Communication over websocket with openssl work too.

kelunik · 2017-02-24T09:19:34Z

@bukka What's the state here?

trowski · 2017-02-24T16:00:09Z

@DaveRandom and @brzuchal discovered this same problem last night, and after working with them we also realized that SSL_MODE_ENABLE_PARTIAL_WRITE and SSL_MODE_ACCEPT_MOVING_WRITE_BUFFER were needed to make non-blocking stream writes succeed when given a large buffer. We had no idea this PR existed, and I already committed a patch with essentially the same fix, however with the modes set in php_openssl_setup_crypto. (Setting the modes separately is a leftover from trying to determine if both options were needed, definitely should be one statement).

I apologize for stepping on anyone's toes. How should we proceed? @bukka Feel free to replace what I committed with a single statement or move it to php_openssl_enable_crypto if that's where the options should be set.

bukka · 2017-02-24T21:39:25Z

I want to look on the whole thing a little bit later in March and think about a better implementation in general.

About this one. I have tested it with non blocking on Linux which seems fine however haven't done much testing with blocking to be sure it has no influance (meanig it really won't get set). In general these modes could possibly cause some BC issues so we should be careful. That's why I set it just for non blocking where it doesn't work already.

@trowski have you done some testing with blocking - I haven't checked your tests properly so not sure if it has any influance but code seems to set it always. Also have you been testing that on Win to be sure that it works fine in there as well? I think it's always better to test it properly rather than break some apps... We should be really sure about all possible consequances before we ship it though... If you are not 100% sure, might be bettet to revert it and wait a little bit once I have got a bit more time in March.

trowski · 2017-02-24T22:01:24Z

@bukka I tried the same test with a blocking stream and didn't have any issues. However, I agree that the fix should only be applied to non-blocking streams. Since the issue only exists with non-blocking streams there's no reason to inadvertently change behavior for blocking streams.

I think the chances of BC breaks applying the fix to only non-blocking streams is minimal. Behavior below the buffer size causing issues continues to be the same and of course the patch fixes the large buffer issue.

I have not personally tested on Windows, though the tests on appveyor seem to pass.

I'd like to apply the fix to only non-blocking streams and ship this in the next point releases. This is an issue we're having now and is preventing usage of non-blocking streams for messages over about 128K.

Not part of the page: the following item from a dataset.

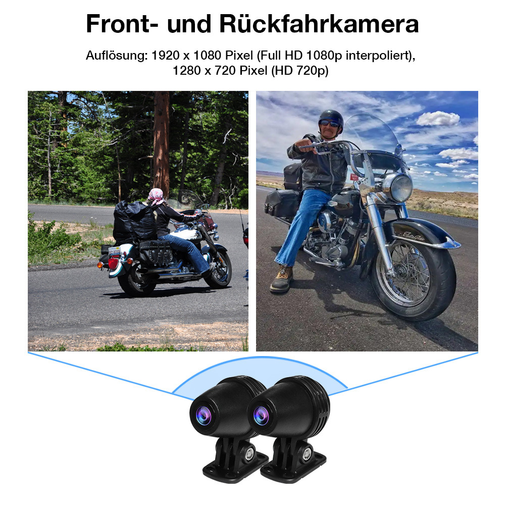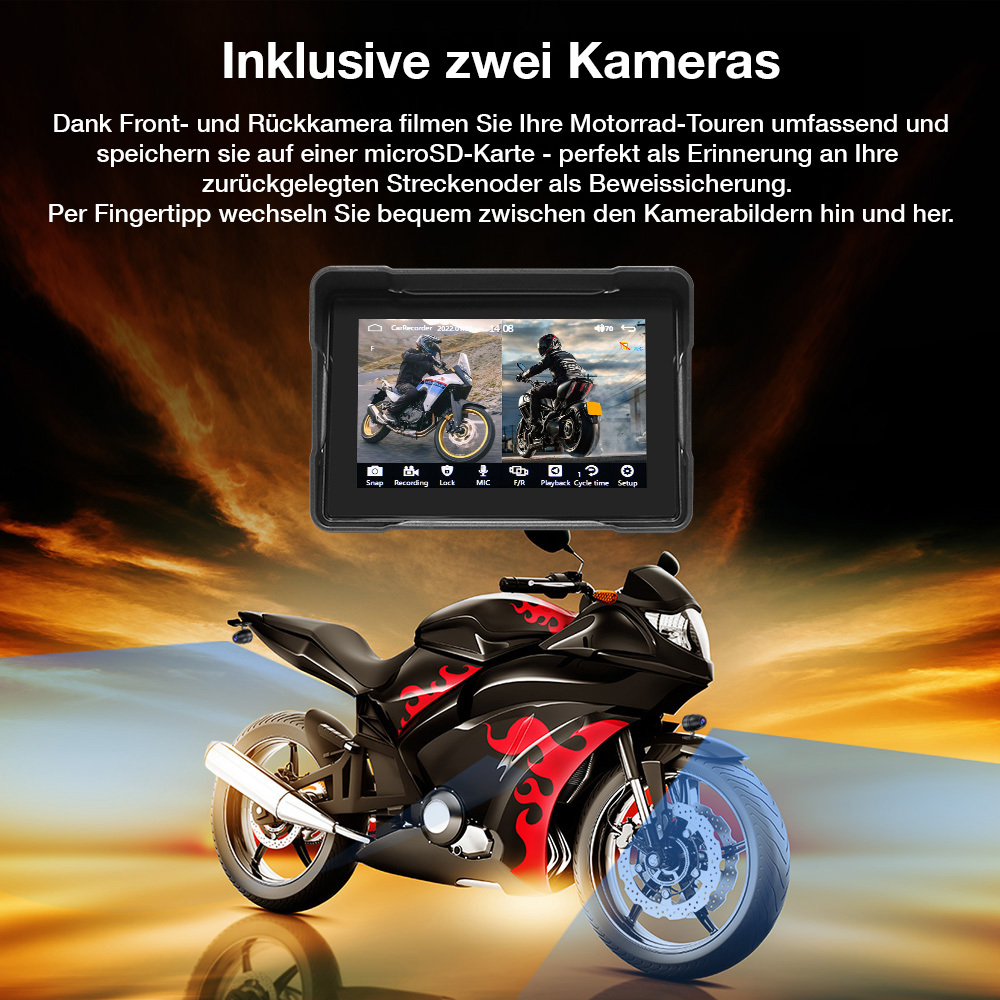 Inklusive zwei Kameras: Das Bundle enthält eine Front- und eine Rückkamera, die Motorradtouren umfassend aufzeichnen und die Aufnahmen auf einer microSD-Karte speichern – als Erinnerung an gefahrene Strecken oder zur Beweissicherung. Per Fingertipp lässt sich jederzeit zwischen den beiden Kamerabildern wechseln.

bukka · 2017-02-25T15:24:59Z

@trowski You can leave it. I will rewrite it with my version when I'm back as it's cleaner and just for non-blocking. I realised that the next release should be tagged in the week starting on 13th March so I have enough time to look into it.

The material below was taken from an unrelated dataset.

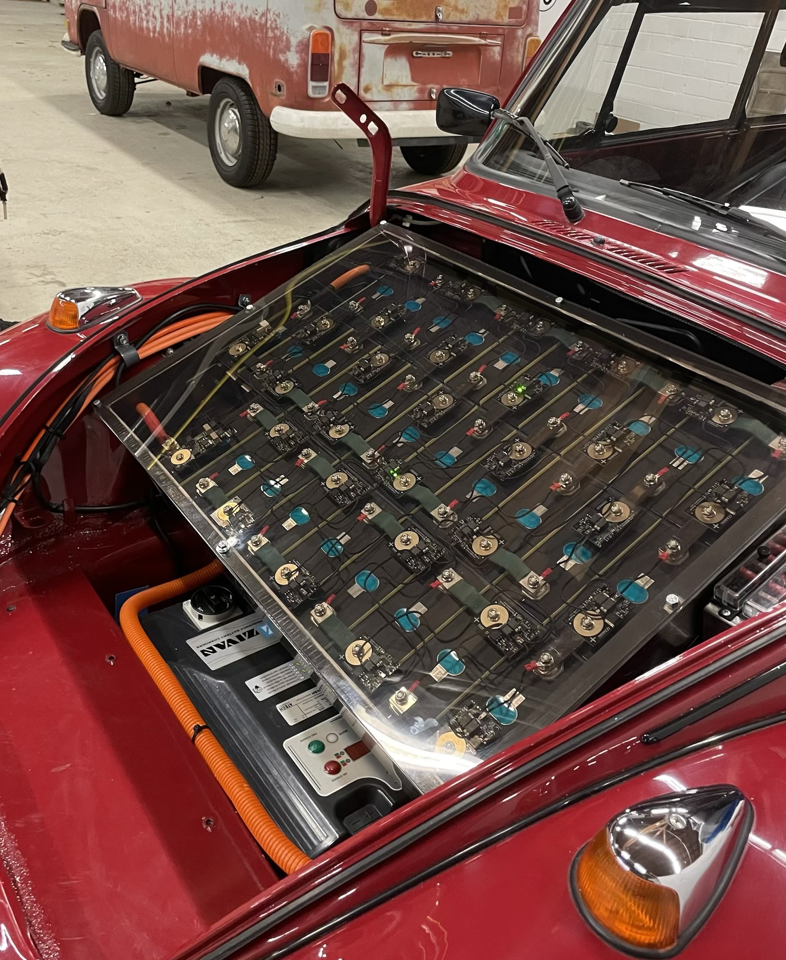 Inzwischen hat Max rund zehn Fahrzeuge erfolgreich elektrifiziert. Sein Signature-Projekt 2025, der Solarbulli, zeigt, was möglich ist: 500 km Reichweite, 92 kWh Batterie und autarkes Laden über Sonnensegel.

Btw. we really need to stop adding test for TLS 1.2 only as it's not good for future testing (e.g. once the 1.3 support is released) and there should be no issue with lower versions anyway for this particular. I actually think that our setting of a single constant is just something that we should deprecate and rather add min and max versions. But that's a completely different issue of course.

Anyway don't worry about anything. I will take a look in March and will then close this PR as well ;)

It reliably fails without the xp_ssl.c so it is good with smaller usleep

The #74159 is duplicate

nikic · 2017-03-14T18:52:55Z

Please squash PRs with dirty history before merging.

bukka · 2017-03-14T18:59:42Z

It's not a dirty history and it's rebased which is actually what our official flow is:

https://wiki.php.net/vcs/gitworkflow

kelunik · 2017-03-14T19:04:56Z

Will this be in the release this week or the next release?

nikic · 2017-03-14T19:08:09Z

By dirty history I mean that it contains multiple commits performing "fixup" of previous commits, e.g. to fix indentation, slightly change style etc. If they are not (interactively) rebased or squashed before merging, these individual commits show in blames etc. When blaming code I want to see "Fixed bug #XXX" and not click through a series of "fixed indent" and "tidy code".

bukka · 2017-03-14T19:23:11Z

@kelunik It should be in the next tagged release which should be 7.0.18 and 7.1.4 (at least that's where I updated NEWS)

@nikic well not all of them are for the same things. For example the indent fix and skip is for another test that was already there. Also there is a clean up of the mode setting which is not related. Considering that squashing is not really our requirement by the linked workflow, I don't see any reason for it in here (read I just can't be bothered to squash only some bits... :) ).

bukka · 2017-03-14T19:29:38Z

@nikic Also to see all changes you can easily view the merge commit which gives you exactly that so I don't really understand what the advantage of squashing is...

nikic · 2017-03-14T19:52:24Z

@bukka In this case the merge commit will not show up in (non-global) commit logs and blames (trivial merge).

I'm not saying that everything should be squashed together, but the history should be meaningful. It's fine to keep the reindent of an existing file as a separate commit, but having multiple separate commits for small tweaks to code that was introduced in the same PR is not meaningful.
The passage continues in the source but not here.